MUHAMMAD ABDUH
Muhammad Abduh, nama lengkapnya
adalah Muhammad Abduh Ibn hasan Khairullah, lahir di Mahallat Nashr, Ghairbah,
Mesir pada tahun 1265 H/ 1849 M. Ayahnya bernama Abdullah Khairullah, seorang
warga Mesir keturunan Turki, sementara ibunya berasal dari suku Arab, yang
nasabnya menurut sejarahwan sampai kepada Umar ibn Khathab.
Pendidikan pertamannya didapat dari
keluarganya. Ayahnya mengajarinya membaca, menulis dan menghafalkan Alquran.
Setelah belajar langsung dari ayahnya, pada usia 14 tahun Abduh dikirim ke
Thanta sebuah lembaga pendidikan milik al-Azhar. Disini Abduh mempelajari
bahasa Arab, Alquran, Fiqih. Selama kurang lebih dua tahun belajar di Thanta,
Abduh merasa kurang puas sehingga ia meninggalkan Thanta.
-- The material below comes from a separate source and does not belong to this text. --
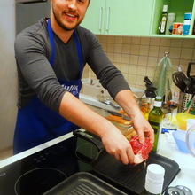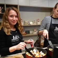 Фьюжн: крем-суп из спаржи, фрикасе из индейки, штрудель с клюквой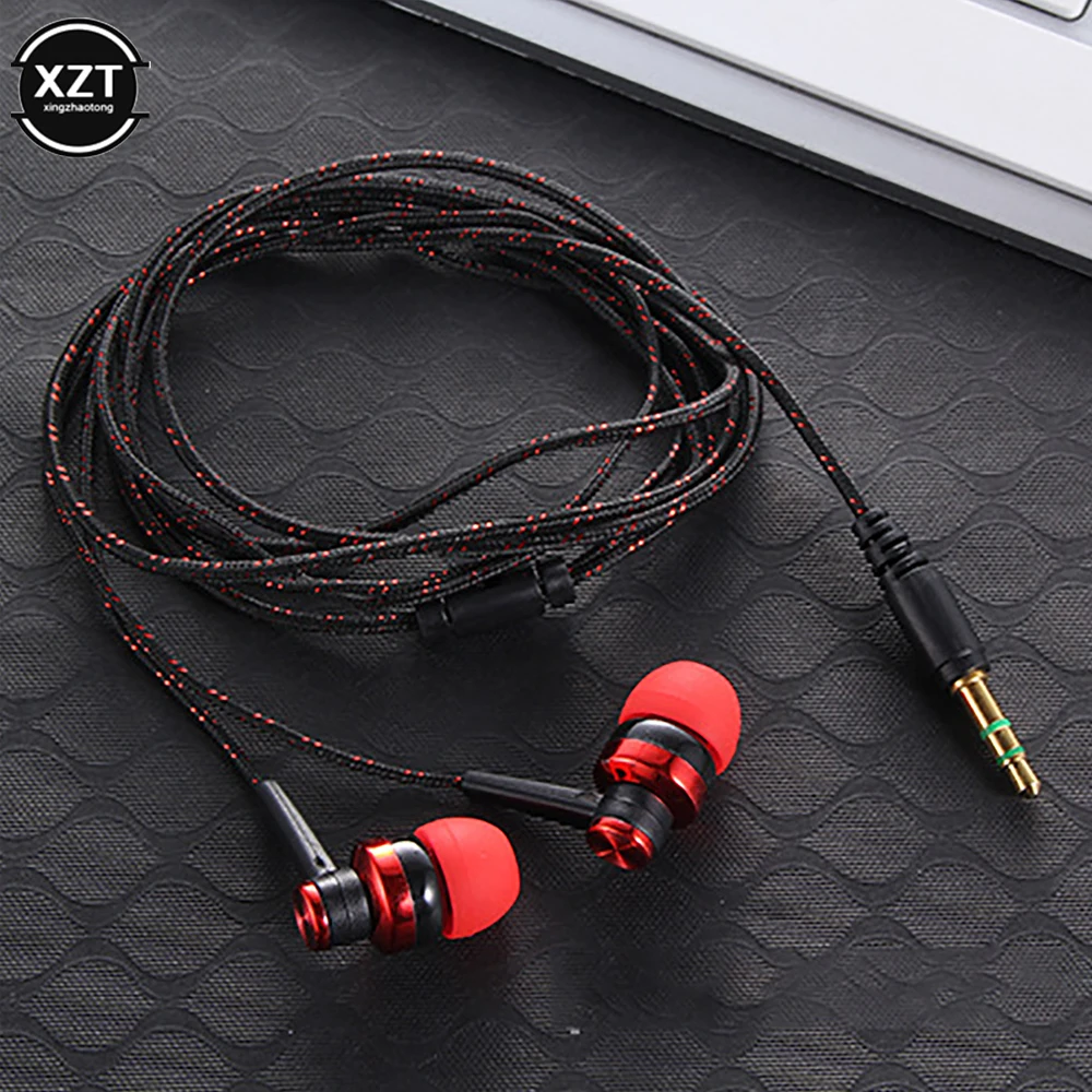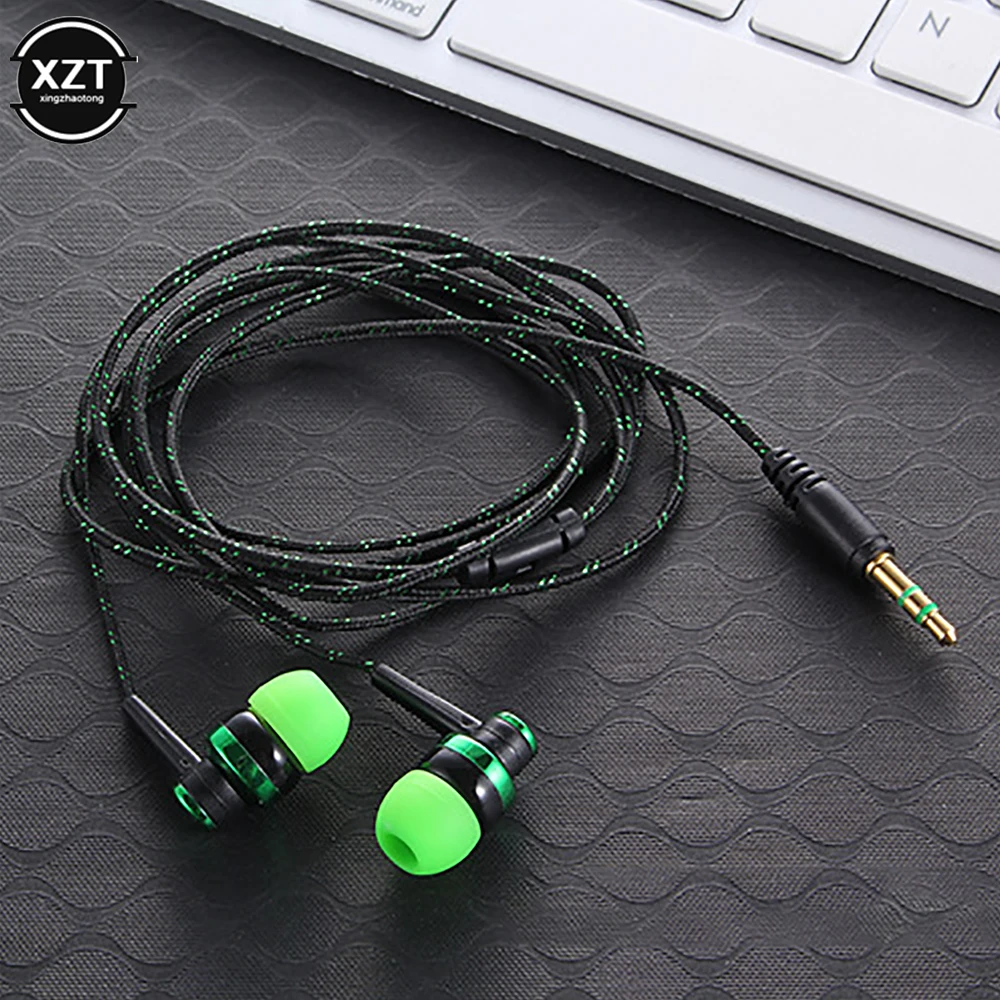 1pc Wired Earphone Stereo In-Ear 3.5mm Nylon Weave Cable Earphone Headset For Laptop Smartphone Gifts Headphones

Kepergiannya dari Thanta, ia pergi
kerumah pamannya selama tiga bulan. Pada tahun 1865 M. Di usia yang muda belia
ia menikah. Akan tetapi, nasib calon menjadi orang besar telah merobahnya. Baru
empat puluh hari menikah, abduh disuruh ayahnya untuk kembali ke Thanta untuk
melanjutkan studinya. Setelah belajar di Thanta pada tahun 1866 M, ia
meneruskan studinya ke al-Azhar. Di perguruan ini ia sempat berkenalan dengan sekian banyak dosen yang
dikaguminya, di antaranya: Pertama, Syaikh Hasan ath-Thawi yang mengajarkan
kitab-kitab filsafat karangan Ibnu Sina, logika karangan Aristoteles, dan lain
sebagainya. Padahal, kitab-kitab tersebut tidak diajarkan di al-Azhar pada
waktu itu; Kedua, Muhammad al-Basyuni, seorang ilmuan yang banyak mencurahkan
perhatian dalam bidang sastra bahasa, bukan melalui pengajaran tata bahasa
melainkan melalui kehalusan rasa dan kemampuan mempraktekkannya.
Ketika Jamaluddin al-Afghani
tiba di Mesir, tahun 1871, kehadirannya disambut oleh Muhammad Abduh dengan
menghadiri pertemuan-pertemuan ilmiah yang diadakan olehnya. Hubungan ini
mengalihkan kecenderungan Muhammad Abduh dari tasawuf dalam arti yang sempit,
sebagai bentuk tata cara berpakaian dan zikir, kepada tasawuf dalam arti yang
lain, yaitu perjuangan untuk melakukan perbaikan keadaan masyarakat, membimbing
mereka untuk maju, dan membela ajaran-ajaran Islam.
Setelah dua tahun sejak
pertemuannya dengan Jamaluddin al-Afghani, terjadilah perubahan yang sangat
berarti pada kepribadian Abduh dan mulailah ia menulis kitab-kitab karangannya
seperti Risalah al-’Aridat (1837), disusul kemudian dengan Hasyiah Syarah
al-Jalal ad-Diwani Lil ‘Aqaid adh-Adhudhiyah (1875). Dalam karangannya ini,
Abduh yang ketika itu baru berumur 26 tahun telah menulis dengan mendalam
tentang aliran-aliran filsafat, ilmu kalam (teologi), dan tasawwuf, serta
mengkritik pendapat-pendapat yang dianggapnya salah.
Di samping itu, Abduh juga
menulis artikel-artikel pembaruan di surat kabar Al-Ahram, Kairo. Melalui media
ini gema tulisan tersebut sampai ke telinga para pengajar di al-Azhar yang
sebagian di antaranya menimbulkan kontroversi serta pembelaan dari Syaikh
Muhammad al-Mahdi al-Abbasi, di mana ketika beliau menduduki jabatan “Syaikh
al-Azhar”, Muhammad Abduh dinyatakan lulus dengan mencapai tingkat tertinggi di
al-Azhar, dalam usia 28 tahun (1877 M).
Abduh dikenal sebagai
peletak dasar modernisasi dalam Islam. Ia adalah seorang figur pembaharu yang
menggerakkan kebangkitan Umat. Kiprahnya di dalam gerakan pembaharuan pemikiran
Islam berakhir ketika sang Khalik memanggilnya pada tahun 1905 M.